A rough smack of resin was in the air, and a crystal mountain
purity. It came pouring over these green slopes by the oceanful.
The woods sang aloud, and gave largely of their healthful breath.
Gladness seemed to inhabit these upper zones, and we had left
indifference behind us in the valley. "I to the hills lift mine
eyes!" There are days in a life when thus to climb out of the
lowlands, seems like scaling heaven.
As we continued to ascend, the wind fell upon us with increasing
strength. It was a wonder how the two stout horses managed to pull
us up that steep incline and still face the athletic opposition of
the wind, or how their great eyes were able to endure the dust.

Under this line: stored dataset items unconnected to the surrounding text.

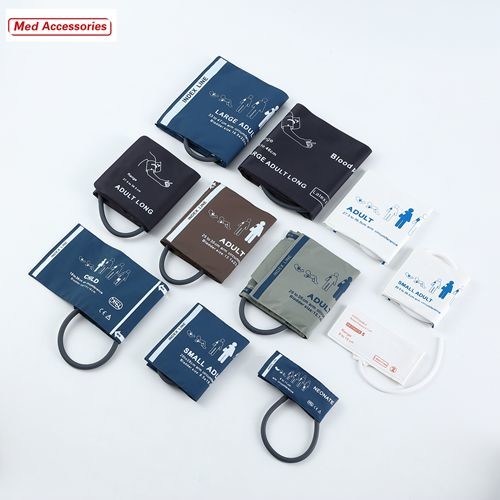 ผ้าพันคอ NIBP สําหรับผู้ใหญ่ ใช้ได้หลายครั้ง ความดันโลหิต เส้นผ้าพันคอ PU หลอดเดียว/สองลําพร้อมถุง ขนาด 33-47 ซม.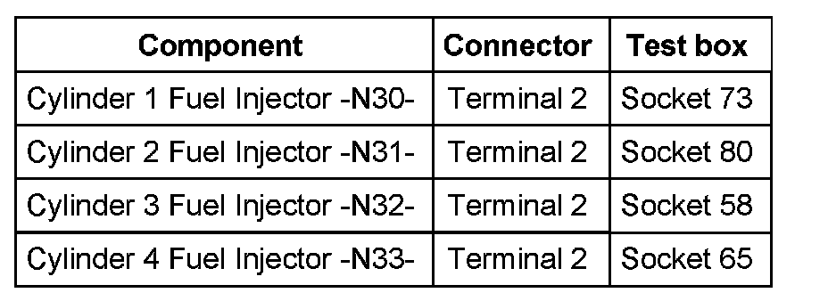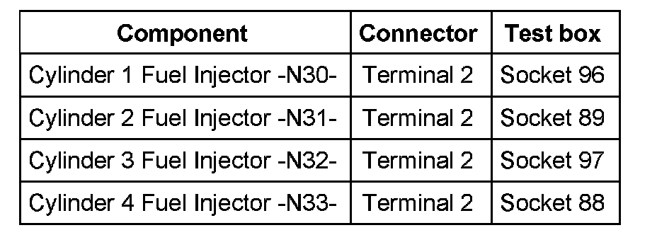 - The respective fuses of fuel injectors (N30 to N33) must be OK.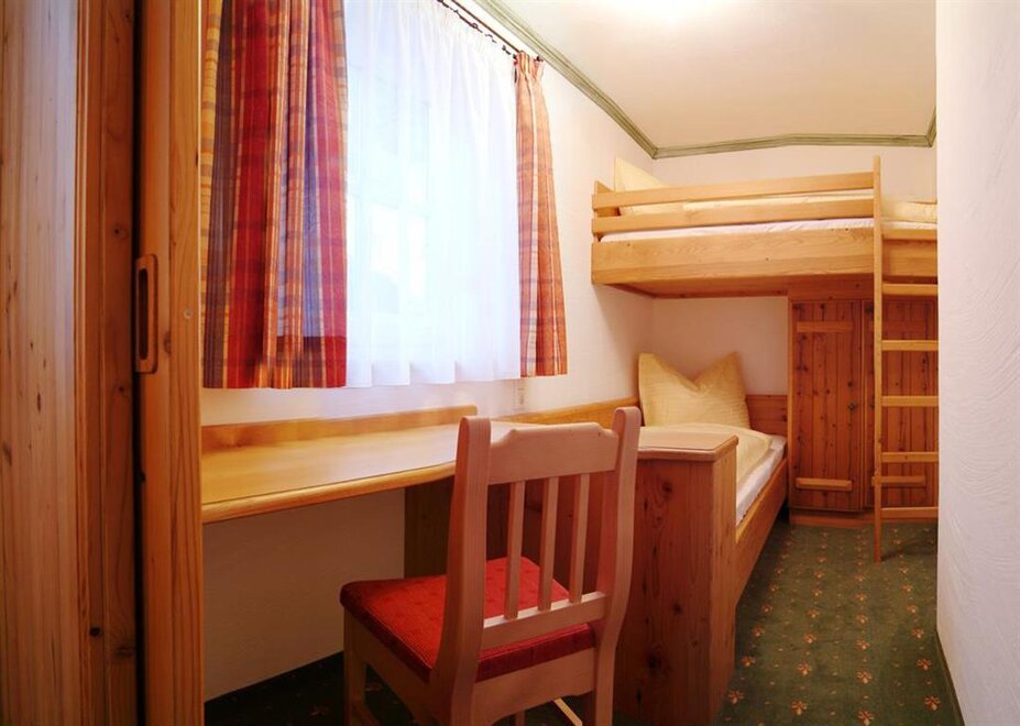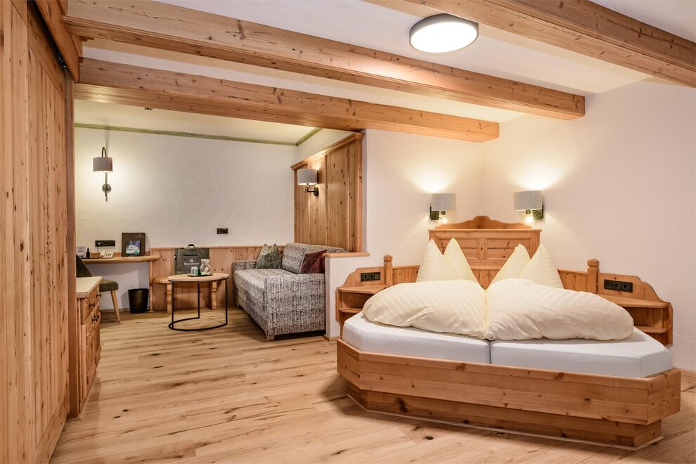 Familienzimmer im alpenländischen Stil, mit extra Kinderzimmer (teils Stockbetten), Badewanne und getrenntem WC, Telefon, TV, Radio, Safe, Fön, Sitzecke und Balkon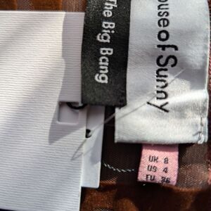 Falling head over heels for House of Sunny? We don't blame you. This London-based brand invites us into its 'Casa Amour' with a captivating crop top. The sheer fabric playfully contrasts with a soft, flocked checkerboard design. The love motif applique embroidered sheer top from House of Sunny lets you spice things up in a bold and fun style that will be unique to you. Crafted from airy mesh material, this brown piece will keep you feeling cool and comfortable while turning heads. This top is seen in a straight cut and cropped fit, and boasts a funky all-over applique 'love' pattern complete with tiny metal sun buttons on the front. Ideal for styling over a bralette, cami, or even a sleek bikini top, the Casa Amor Top is all about summer fun and keeping things spicy and hot wherever you go.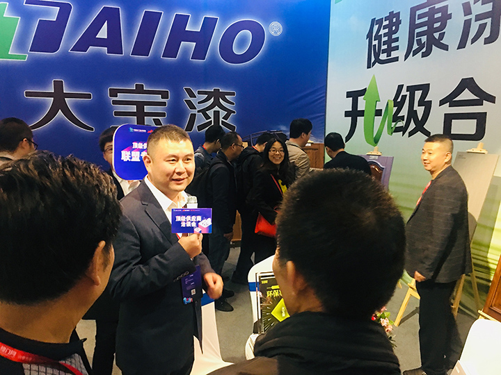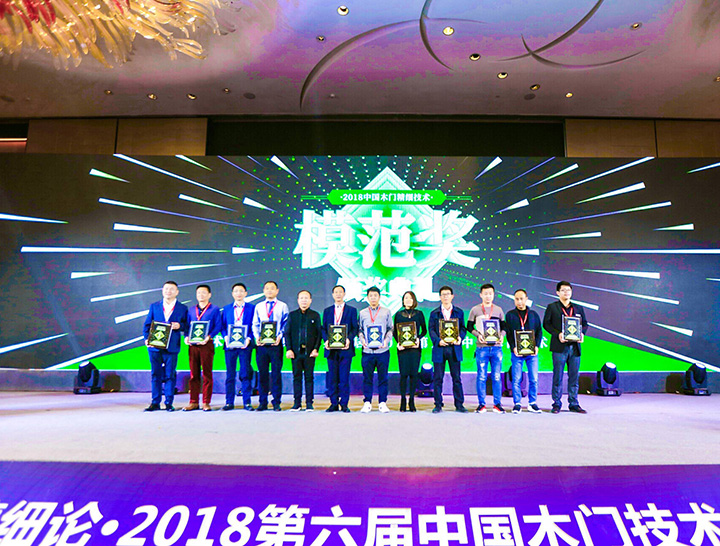 大寶漆榮獲木門精細(xì)技術(shù)模范獎(jiǎng)(左一謝偉代表領(lǐng)獎(jiǎng))

Ten minutes after we went by, a tree fell, blocking the road; and
even before us leaves were thickly strewn, and boughs had fallen,
large enough to make the passage difficult. But now we were hard
by the summit. The road crosses the ridge, just in the nick that
Kelmar showed me from below, and then, without pause, plunges down
a deep, thickly wooded glen on the farther side. At the highest
point a trail strikes up the main hill to the leftward; and that
leads to Silverado. A hundred yards beyond, and in a kind of elbow
of the glen, stands the Toll House Hotel. We came up the one side,
were caught upon the summit by the whole weight of the wind as it
poured over into Napa Valley, and a minute after had drawn up in
shelter, but all buffetted and breathless, at the Toll House door.